Notons que les groupes français ne sont évidemment pas les seuls à voir leur cours de Bourse être influencés par les commentaires des dirigeants lors de conférences téléphoniques.

Tesla reste un excellent exemple de groupes dont l’évolution en Bourse peut très bien être influencée par les commentaires du directeur général, Elon Musk.

Le constructeur automobile avait publié des résultats supérieurs aux attentes au titre des trois premiers mois de l’année et l’action avait nettement progressé dans un premier temps dans les échanges post-clôture. Le titre s’est toutefois retourné pendant la conférence téléphonique tenue par Elon Musk et par le directeur financier, Vaibhav Taneja, pour finir en baisse de 0,3%.

L'action avait été plombée par les annonces de Musk, qui a indiqué que les "capex" (les dépenses d'investissements) de Tesla s'élèveraient à 25 milliards de dollars en 2026, contre une précédente cible de 20 milliards de dollars.

"Vous devrez vous attendre à voir une augmentation très importante des 'capex' qui, je pense, sont bien justifiées pour un flux de revenus futur substantiellement accru", avait déclaré Elon Musk aux analystes.

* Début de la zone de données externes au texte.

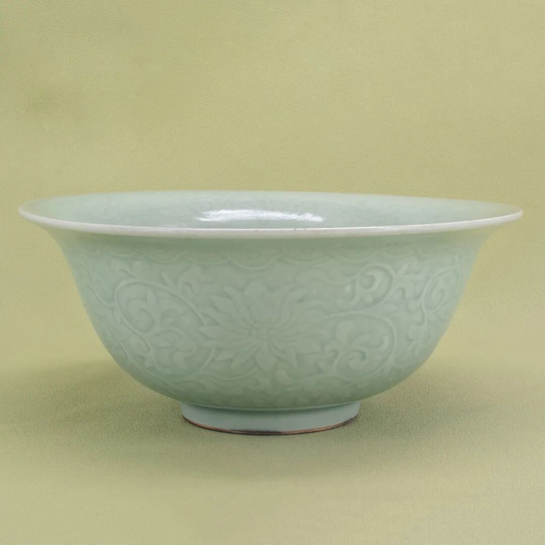 清乾隆 豆青釉模印缠枝莲纹大碗

"Cela semble beaucoup, et nous allons avoir un effet négatif sur le flux de trésorerie pendant le restant de l'année, mais nous pensons que c'est la bonne stratégie pour positionner l'entreprise pour la prochaine ère", avait abondé Vaibhav Taneja, le directeur financier.

"Étant donné que les 'capex' du premier trimestre n'étaient que de 2,5 milliards de dollars, cela implique une forte augmentation pour le reste de l'année et soulève la possibilité que le total des dépenses annuelles se rapproche de 30 milliards de dollars", calculait Gene Munster, gérant chez Deepwater AM.

Ces investissements massifs doivent permettre de financer l'extension des capacités des usines de la société, la production des futurs robots humanoïdes Optimus, du Cybercab, le véhicule autonome de Tesla, ou encore ses initiatives d'intelligence artificielle (IA).